_DATA:_
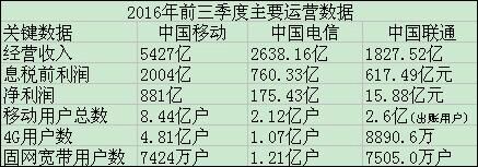三大運(yùn)營商前三季度財(cái)報(bào)一覽:4G用戶移動(dòng)獨(dú)占70%以上
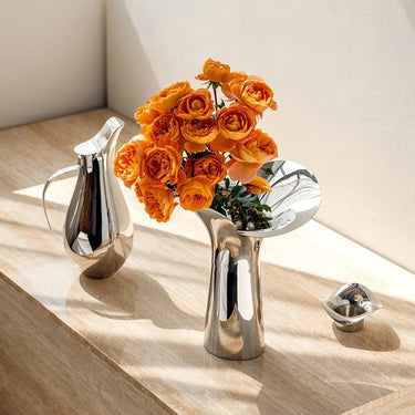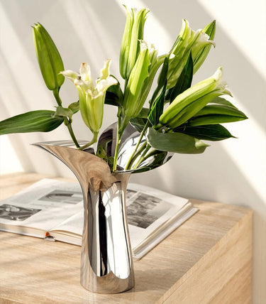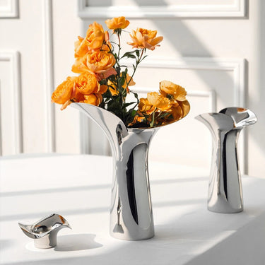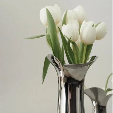 Add a touch of modern elegance to your space with this Saun Vase. Its sleek trumpet silhouette and reflective finish create a striking focal point for floral arrangements or as a standalone piece. Perfect for contemporary interiors, this vase blends luxury with simplicity, making it ideal for coffee tables, shelves, or centerpieces.
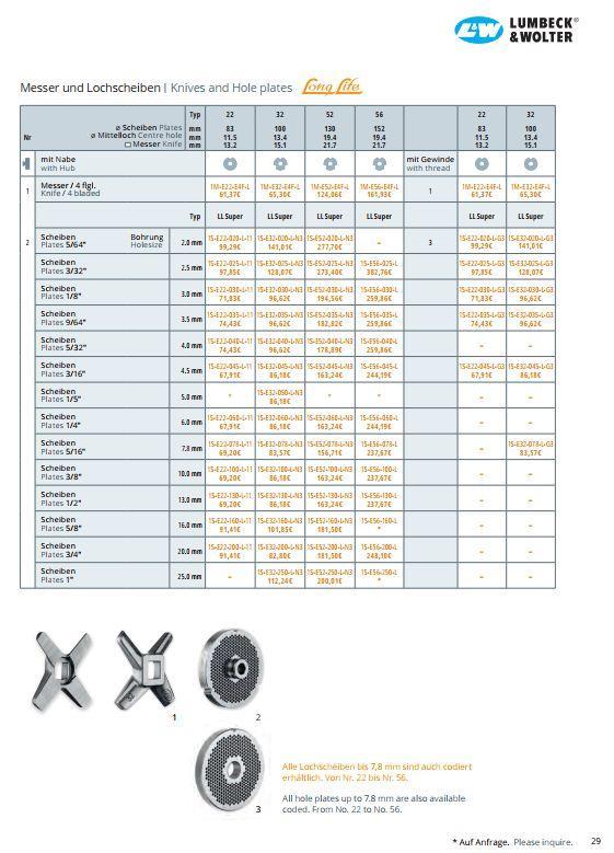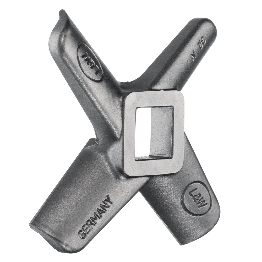Řezný nůž Enterprise od výrobce Lumbeck & Wolter je určen pro profesionální mlýnky na maso používané v řeznictvích, gastronomii i potravinářském průmyslu. Nůž je součástí řezné sady systému Enterprise, kde spolupracuje s mlecí deskou a zajišťuje efektivní a rovnoměrné zpracování suroviny.

_WORK REQUEST:_
Every line of the data above should be repeated exactly. Omit the pictures.

_REPLY TO THE TASK:_
三大運(yùn)營商前三季度財(cái)報(bào)一覽:4G用戶移動(dòng)獨(dú)占70%以上
 Add a touch of modern elegance to your space with this Saun Vase. Its sleek trumpet silhouette and reflective finish create a striking focal point for floral arrangements or as a standalone piece. Perfect for contemporary interiors, this vase blends luxury with simplicity, making it ideal for coffee tables, shelves, or centerpieces.
Řezný nůž Enterprise od výrobce Lumbeck & Wolter je určen pro profesionální mlýnky na maso používané v řeznictvích, gastronomii i potravinářském průmyslu. Nůž je součástí řezné sady systému Enterprise, kde spolupracuje s mlecí deskou a zajišťuje efektivní a rovnoměrné zpracování suroviny.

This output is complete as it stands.